Moscow instead strikes out on a distinctive course, siding with the most useless regimes on the planet to put clear water between itself and ‘Western’ policies. Moscow’s core policy aim is simple: identify what the West wants, then go for something as far from that as possible. By using its UN Security Council veto power and emphasising differences in outcomes and philosophy wherever possible, Russia gets some international prestige and hard negotiating leverage.

So far so obvious.

What might Donald Trump offer Vladimir Putin to try to steer relations in a more constructive direction?

Ah, now you’re talking.

First and foremost, recognition. A willingness to listen to Russian points of view and maybe modify US positions accordingly.

The very fact of the dissolution of the Soviet Union is seen by Vladimir Putin as a disaster, dividing the Russian nation itself across many different new countries. He reads that Trump speech in Warsaw, extolling Poland’s heroic national identity. Don’t those lofty words apply all the more to Russia and Russians? Double standards!
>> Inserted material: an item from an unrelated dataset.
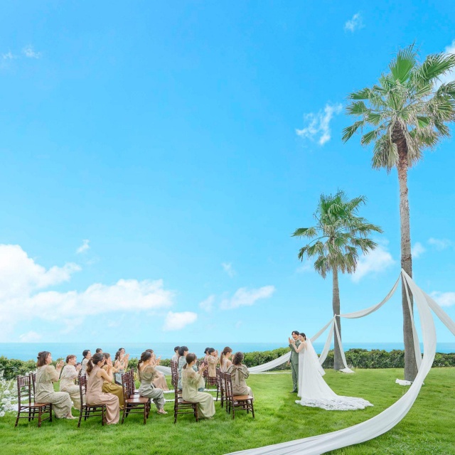 どこまでも続く蒼い海と空がおふたりとゲストの方々の心を解きほぐし、心地よい時間を彩ります。美しいロケーションの中、幸せに満ちたセレモニーをお迎えください。
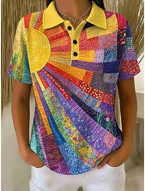 Per donna Maglietta Stampato Grafico Geometrico Elegante Classico Casual Manica Corta Colletto Polo Top Regolari Casuale Quotidiano Sportivo Blu Viola Arancione Verde Estate Primavera

Western leaders see the force in that view, but they also see that the Ukrainian, Estonian, Latvian, Georgian and Kazakh nations and many others have gained hugely since the USSR collapsed, and that they too now deserve their international identity. Western governments have hugely raised the cost to Russia of messing with post-Soviet borders by imposing sharp sanctions…

The cost to Russia of its machinations in Crimea/Ukraine is quite startling. Look at THIS graph to see what it means, and what is really going on when Russia and the USA sit down for a chat.

What might it take for those sanctions to be lifted and serious new forms of cooperation to be tried?

Keep going.

Thus a subtle long-term game of Who-Moves-First?

Western governments can’t contemplate serious changes while Russia is interfering directly in Ukraine. Russia can’t stop interfering in Ukraine, (a) because Moscow wants to interfere to assert Russian psychological hegemony beyond its borders, and (b) because it does not trust the West to respond generously if it does stop.

Today Donald Trump and Vladimir Putin are eyeing each other warily. Should I trust him? What does he know about me? What might he do with it? Best case scenario for Vladimir Putin? That Donald Trump echoes President George W Bush in 2001:

“I looked the man in the eye. I found him to be very straightforward and trustworthy.”

Trust. Always the key factor in diplomacy.